EDIT: I actually did a video on this not remembering that I had answered this here. The short is, lots of observations with Hubble, using stellar occulations, using databases of stars to take in to account the stellar motion that each star makes. Adding in a few observations from New Horizons itself, and we have a trajectory good enough for a flyby!

Answer 2

Okay, collecting my comments into an answer:

As soon as you have a visual, and have enough delta-V, you CAN get a fly-by, although precise time and speed of flyby will remain unknown until much later (when changes of size of the object in images become significant).

This works only for when curvature of orbits is not significant - gravitational influence of other bodies is minor and trajectories on the distances involved can be approximated with straight lines. It will work for moderate orbital curvature too, if you repeat the process iteratively, correcting the error whenever curvature introduces it. It's definitely not viable if the two bodies are, say, 90 degrees apart in orbit of a planet though. For New Horizons it's viable though - the ~1-10mln km at which it's expected to spot 2014 MU69 is nothing compared to distance from the sun, and ~10 days is nothing compared to 2014 MU69's orbital period.

Take a set of coordinates, with Z axis going craft-target; fix it relative to "distant stars" (so it doesn't change as the objects involved move).

Orient craft along that Z axis.

Take two images known time apart. The target will have wandered over the field of vision a certain distance.

Perform an arbitrarily chosen delta-V burn perpendicular to the Z axis in the direction of the apparent travel of the target (XY plane), and after known time take another photo.

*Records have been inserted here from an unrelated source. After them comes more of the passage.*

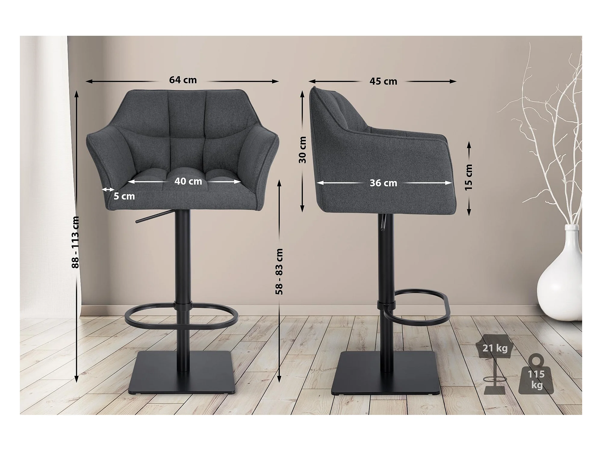 Tabouret de bar - Feutrine & Acier inoxydable - Anthracite - Gambo
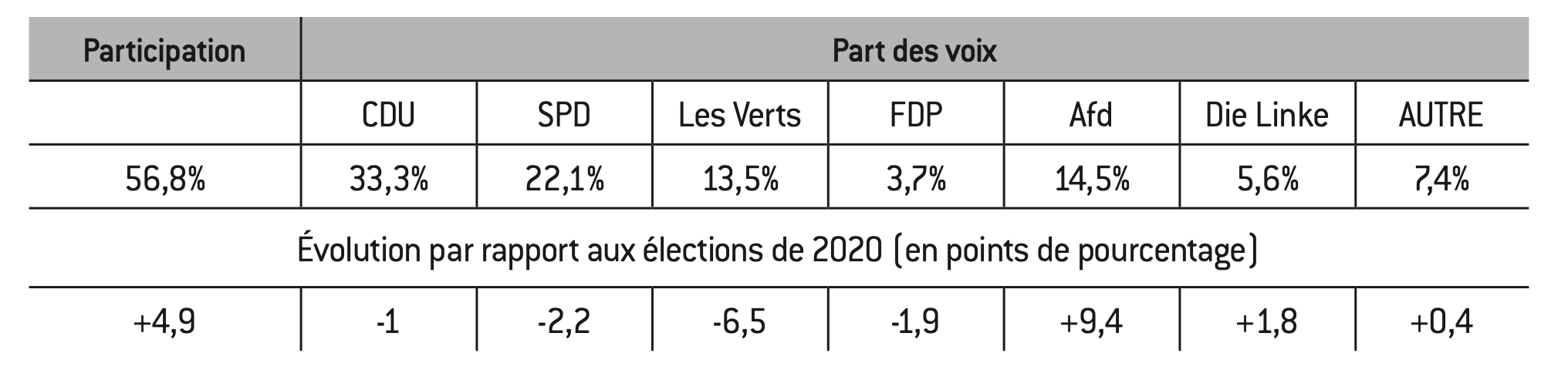 Les élections communales du 14 septembre 2025 montrent que la stratégie de containment de l’Alternative pour l’Allemagne (AfD) développée par la coalition CDU/CSU/SPD au pouvoir ne fonctionne plus. Les sondages interpellent. Dans l’ensemble du pays, l’AfD obtient des scores inquiétants. Le sondage IPSOS du 10 septembre voit l’AfD (25%) devant la CDU/CSU (24%)1. Dans les nouveaux Bundesländer, bastions de l’AfD, ce parti est à 37% en Thuringe, la CDU tombant à 25%. À la veille des élections en Saxe-Anhalt, l’AfD est presque en mesure de pouvoir gouverner seule ce Land (AfD 37%, CDU 27%)2. Si un événement tragique comme un attentat islamiste se produisait peu avant la consultation, pour la première fois depuis 1949, un parti d’extrême droite gouvernerait un Land.
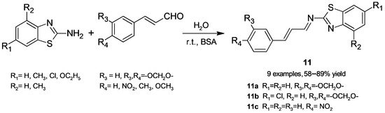 Imines, condensation products resulting from the addition of a primary amine to a carbonyl compound with subsequent elimination of water, are useful precursors for amines, and their synthesis is usually carried out at controlled acid pH. Looking for a mild procedure to obtain imines (11, Figure 9) from 2-aminobenzothiazoles and cinnamaldehydes, Sinha, Nazir, and coworkers [40] found that BSA in water at room temperature is a useful catalyst. Albumins from other sources (rabbit, pig, sheep, and chicken) were less effective; imines (Schiff bases) were obtained in a 58–89% yield using a mild and green protocol. These products were assayed in a C. elegans model of Alzheimer’s disease, and 11a–c showed potential as antiamyloid agents. This method was also extended to some anilines, providing the target Schiff bases in satisfactory yields.
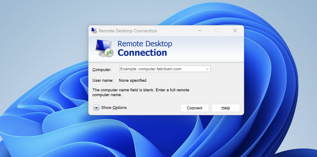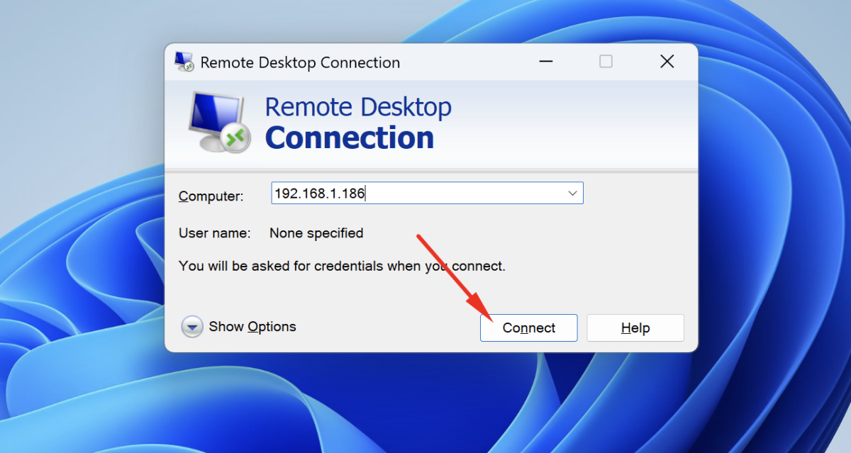 - Open Remote Desktop Connection (Windows) or any RDP client

Using simple proportions between times and positions you can calculate the value of the burn needed to get a fly-by trajectory - one that brings the relative speed of the target in the XY plane to zero. Since it doesn't move "sideways" and you move towards it, you will get there eventually.

You still don't know when the fly-by will happen, and at what speed, but all you need is to wait - or keep repeating the process to reduce the fly-by distance further.

Of course if the initial visual contact is way "off", you'll lack delta-V to perform the correction. Still, in case of New Horizons, about 100,000 km of initial error should be enough to get a very close fly-by, and anything above that will just add to the fly-by distance.